Candles were used to light the building until about 1847, when kerosene
lamps came into general use. The rooms were heated with large wood
burning stoves, and the first stove used was, in later years, in the
possession of one of the old residents of Bellport, Charles S. Platt, in
his carpenter shop on Academy lane.
A
Congregational church was organized in the early years and meetings were
held in the Academy until 1850. The minister’s salary was paid by
subscription, and the sexton was paid $7 a year for making fires,
lighting the rooms and ringing the bell.
The
extension on the building was used as a district school and the rest of
the building as an academy which fitted young men and women of the
surrounding villages, for college, Tuition was $10 for the summer
quarter, and $11.25 for the winter quarter—the extra charge being for
fuel.
Among those
who received their early education at the Academy was Dr. Edward R.

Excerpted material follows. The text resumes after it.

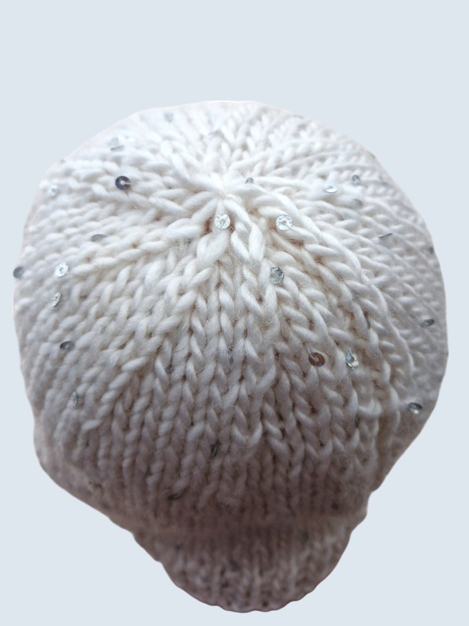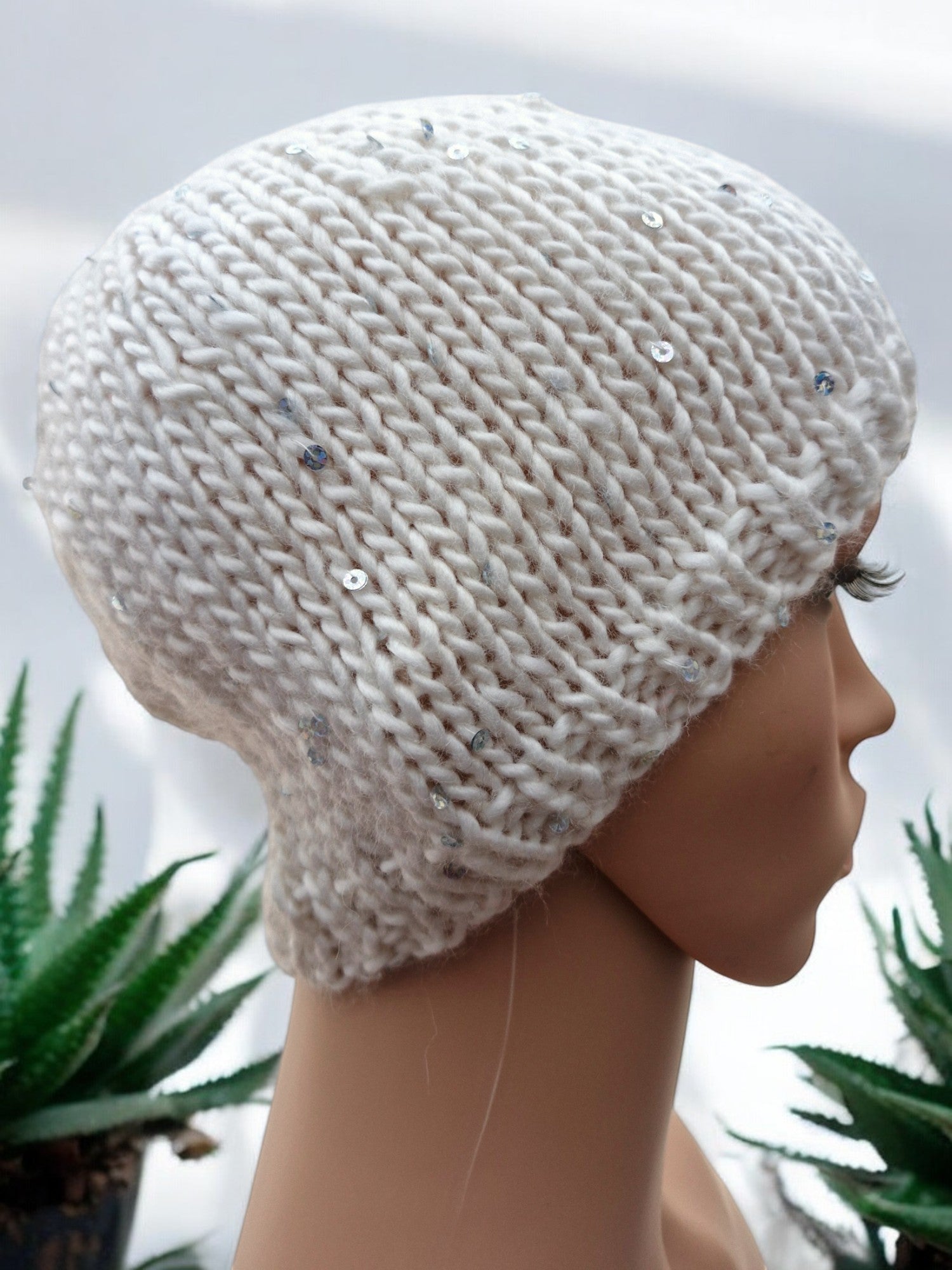 Brand new Hand Knitted Sequined Hat in White with Silver sequins. Size is small ladies or teenagers - a pull on Beanie style worked in Stocking Stitch pattern. Yarn is soft, sparkly and snuggly. Made from 80% acrylic,10% Wool, 10% Sequins - cool machine wash.

Shaw, who for many years was professor of Pedagogy at New York
university, where he established a scholarship for any Bellport boy
wanting to take advantage of it. Other prominent men included Augustus
Floyd of Mastic, and Orville B. Ackerly, a local historian.
Mr.
Hinsdale was the first principal of the Academy, with Mr. Mills second,
and Phineas Robinson third. These men were also pastors of the
Congregational Church society, at time they were principals, until the
Presbyterian church was built in 1850.
In 1845,
the church had 35 members, and the Rev. Abijah Tomlinson of Litchfield;
Conn., was pastor and also the fourth principal. A. B. Firman was
principal in the last year of the operation of the Academy building in
1902, after it had been acquired by School District No. 28.
Pupils came
from neighboring villages to secure the advantages of the educational
instruction given at the Academy, and many of them boarded at Mrs.
Amelia Bell’s residence, later known as the “Bell House.” Mrs. Bell was
the wife of Capt. Thomas Bell, who named and settled Bellport.
A Union
Free School District was organized in 1901, and a new schoolhouse built
on Station road, so the old Academy, after serving the needs of Bellport
for 69 years, gave way to the march of progress. The next year it was
sold to George Carman, who moved it diagonally across the street
opposite the old Academy lane cemetery, and directly north of the old
blacksmith shop, now gone. Mr. Carman converted the building into a
carpenter shop, and later it was purchased by the late Dr. T. Mortimer
Lloyd, who moved the building several years later to a lot on the west
side of Academy lane and put an addition on the north side, with a
portico on the south side, and made it into a dwelling. Dr. Lloyd’s
widow now maintains it as her summer home.